Where once the market was defined by government specifications and obsolete rules, it was now driven by commercial market trends and fewer rules, which allowed for more competitors and faster acquisitions.

NEXT: The perils, and promise, of mobility

How mobile technology is upending the workplace and remapping the security landscape

Mobile technology isn’t exactly new. Portable computers and basic cell phones became popular in the 1990s, and though the bulky early devices were not always the most convenient to cart around or put in a pocket, they marked the breakout of computing and communications from the confines of the office.

Now the popular BlackBerry and Palm devices of the early days have been supplanted by Apple iPhones and Android smart phones — and tablet PCs threaten to overtake laptops — thanks to a wave of innovation in the mobile technology market and broadband networking in the past several years.

However, almost from the moment the first federal manager accessed his or her e-mail on a BlackBerry or took a laptop PC home or on the road, agencies have struggled to keep up with security challenges and users’ growing expectations for the technology. Meanwhile, citizens increasingly expect to access government information and services via portable devices.

The huge surge in popularity is pressuring agencies to find secure ways to incorporate mobile devices into the enterprise — from “bring your own device” policies to Federal CIO Steven VanRoekel’s new digital strategy, touted as a much-needed blueprint for securing and managing mobile devices governmentwide.

“Mobility is not growing from our needs as an enterprise,” said Simon Szykman, CIO at the Commerce Department, at a recent mobility event. “It is being thrust upon us.”

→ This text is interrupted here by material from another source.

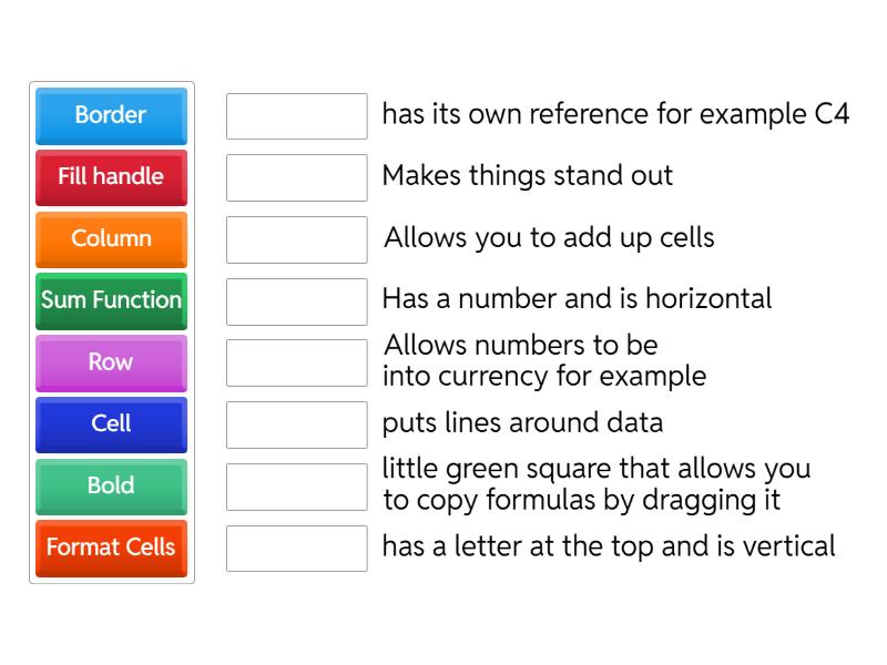 Sum Function - Allows you to add up cells, Border - puts lines around data, Bold - Makes things stand out, Fill handle - little green square that allows you to copy formulas by dragging it, Column - has a letter at the top and is vertical, Row - Has a number and is horizontal, Cell - has its own reference for example C4, Format Cells - Allows numbers to be into currency for example,
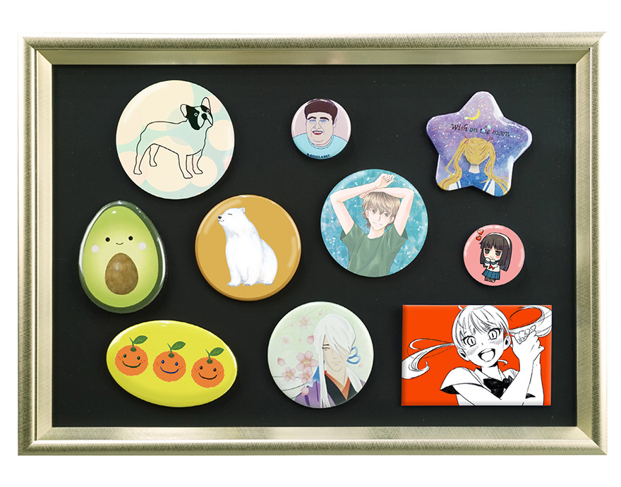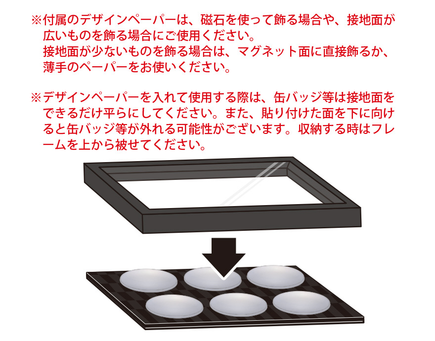 マグネットなので、缶バッジを直接取り付けたり、マグネットで写真を留めて飾ったりすることができます。付属の2種類のデザインペーパーは、飾る際の背景としてお使いいただけます。2L判、A4判の2サイズ展開です。

Those security concerns came to head in 2006, when a laptop computer and external hard drive containing personal information on 26 million veterans and active-duty military personnel was stolen from the home of a Veterans Affairs Department data analyst. It was the largest information security breach in the government’s history, and VA later agreed to pay $20 million to settle a class-action lawsuit brought on behalf of the people whose personal information had potentially been compromised.

That theft has had “a lasting impact that has been substantial and sustained within the VA,” CIO Roger Baker said.

It was also a wakeup call for the rest of the government. Because the portability that makes the new devices so popular is also what makes them so vulnerable, new approaches focus on securing data, with one promising solution being to use mobile devices as secured thin clients that access applications in the cloud or on agency servers rather than on the local hard drive.

“With the emergence of the federal digital strategy, we have identified the problems, and the next step is working together to resolve the problems,” said Tom Suder, president of Mobilegov and co-chairman of the Advanced Mobility Working Group at the American Council for Technology/Industry Advisory Council. “I’m very optimistic. There is a good group of government people leading the effort, and they are being very proactive.”